HOW TO COMPLETE THIS TASK: Among the entries below, one line contains "海量的模板、贴纸及背景素材库,内容持续更新。" and another contains "再看我们自家的《苏打世界》。". Transcribe those two lines and every line between them, exactly.

THE DATA:
* * *

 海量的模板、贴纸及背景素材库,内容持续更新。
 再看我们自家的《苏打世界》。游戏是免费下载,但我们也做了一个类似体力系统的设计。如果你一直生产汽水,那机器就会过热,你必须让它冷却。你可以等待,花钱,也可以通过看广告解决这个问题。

* * *

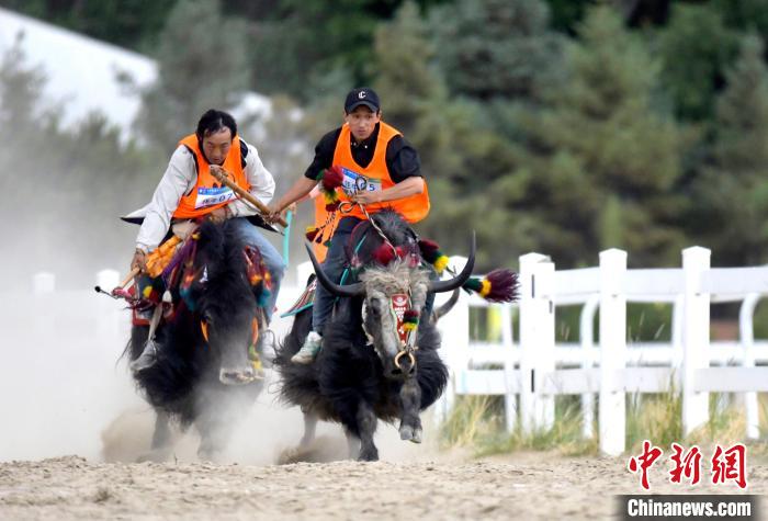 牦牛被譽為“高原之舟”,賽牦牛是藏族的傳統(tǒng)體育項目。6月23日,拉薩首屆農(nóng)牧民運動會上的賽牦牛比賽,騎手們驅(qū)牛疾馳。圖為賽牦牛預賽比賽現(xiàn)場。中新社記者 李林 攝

* * *

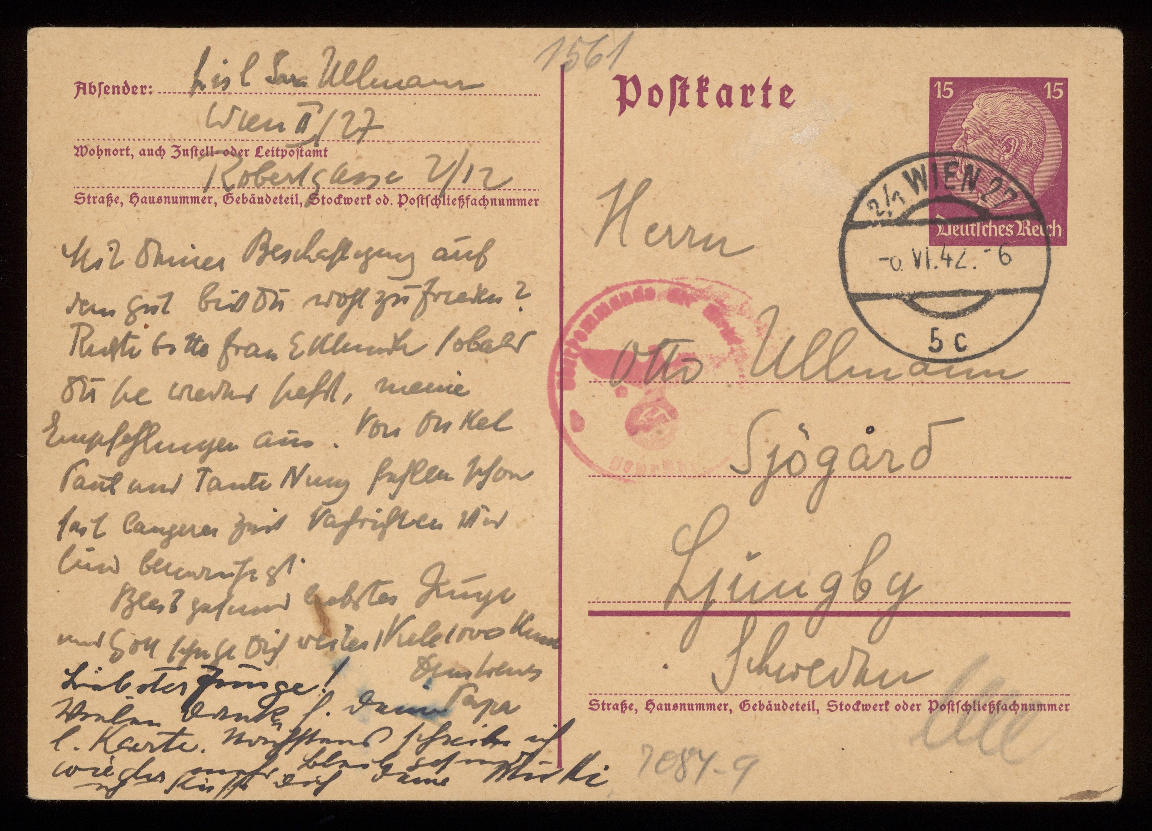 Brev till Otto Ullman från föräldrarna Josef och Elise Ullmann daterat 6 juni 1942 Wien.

* * *

ANSWER BOX:
 海量的模板、贴纸及背景素材库,内容持续更新。
 再看我们自家的《苏打世界》。游戏是免费下载,但我们也做了一个类似体力系统的设计。如果你一直生产汽水,那机器就会过热,你必须让它冷却。你可以等待,花钱,也可以通过看广告解决这个问题。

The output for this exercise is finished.